DETAILED DESCRIPTION OF THE INVENTION (Field of Industrial Application) The present invention relates to a method for displaying an image output from a camera on the own side on an image display device on the own side in an image communication system.

(Prior Art) In an image communication system using an image communication device that is equipped with an image input device and an image display device and separates and encodes a luminance signal and a color signal, before communication, the camera output from the local station is By displaying the image on your own image display device,
The caller takes care of his or her personal appearance and organizes things that appear in the background. In this case, conventionally, as shown in FIG. 2, an image display method has been commonly used in which the image is displayed on the image display device of the own station in the same way as it is displayed on the image display device of the other station.

(Problems to be Solved by the Invention) However, in the conventional image display method in which the image output from the camera on the own side is displayed on the image display device on the own side as shown in FIG. The displayed image appears to move in the opposite direction to the left and right in response to the movement, which creates a sense of discomfort and makes movements awkward. Conventional image display methods have such problems.

An object of the present invention is to display an image output from a camera on the own side to an image display device on the own side, so that the displayed image moves in the same direction as the user, so that the image is displayed naturally and without discomfort, as if looking in a mirror. The objective is to provide an ergonomically superior display method.

(Means for solving the problem) According to the present invention, an image input device and an image display device are provided,
In an image communication system using an image communication device that separates and encodes a luminance signal and a color signal, a method for displaying an image output from a camera on the own side on an image display device on the own side, the method comprising:
Separating the color signal of the self-side camera output image into a luminance signal, storing both of these signals in storage means, and storing both of the signals stored in the storage means for each horizontal scanning line segment. A left-right reversed color signal is obtained from the left-right reversed brightness signal and the color signal, and the left-right reversed color signal is sent to the own-side image display device. An image display method is obtained which is characterized by displaying.

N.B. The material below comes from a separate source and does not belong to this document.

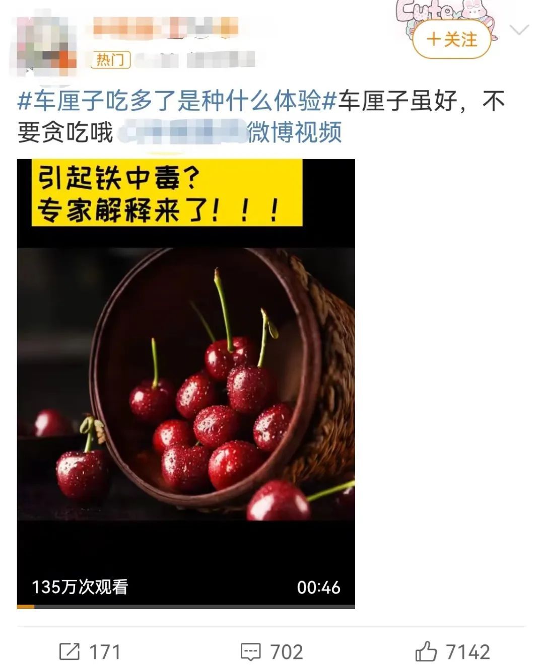 另外,车厘子会引起铁中毒更是无稽之谈。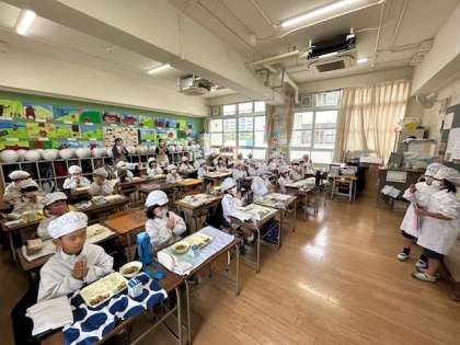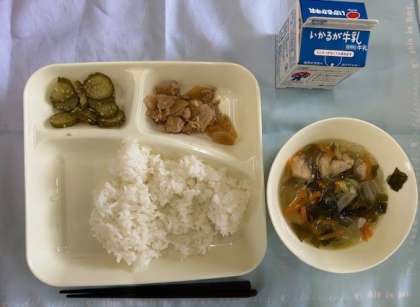 今日の献立は、ごはん、牛乳、豚肉のコチジャンいため、鶏肉とはるさめのスープ、きゅうりのナムルです。コチジャンは米みそ、とうがらしなどから作られる食品です。今日は2年1組の様子。手を合わせて「いただきます!」

(Function) In the image display method of the present invention, in an image communication system using an image communication device that includes an image input device and an image display device and separates and encodes a luminance signal and a color signal, an image output from a camera on the local side is used. When displaying a color signal on the image display device of the own station, the image of the own station is horizontally reversed and displayed on the image display device of the own station, so that the color signal is displayed as seen from the image communication device user as shown in Figure 1. It is possible to match the displayed image of the user's own station with the user's own left and right orientation and direction of movement, and it is possible to obtain a natural and natural display image as if looking in a mirror.

(Example) Hereinafter, an example of the present invention will be described in detail with reference to the drawings.

An embodiment in which the luminance signal and color signal of the input image signal are time-axis multiplexed will be described below.

Time axis multiplexing is a method of compressing a plurality of signals in the time direction and arranging the signals in a certain order to realize multiplexing of signals. The most common method for television signals is to perform temporal compression by utilizing the fact that the band of the chrominance signal is narrower than that of the luminance signal, and to embed the signal into the horizontal blanking period of the luminance signal. FIG. 8 is a waveform diagram showing an example of a television signal in which color signals Ct and Ct are embedded in the horizontal blanking period of a luminance signal. FIG. 3 shows an image communication apparatus to which the first embodiment of the present invention is applied. FIG. In this image communication device, an image signal from a camera on the local side is supplied to the encoder 2 via a line 201 and also to the memory 1. Here, it is assumed that the signal supplied via the line 201 is digitized, and is in a format in which a luminance signal and a color signal are multiplexed on the time axis.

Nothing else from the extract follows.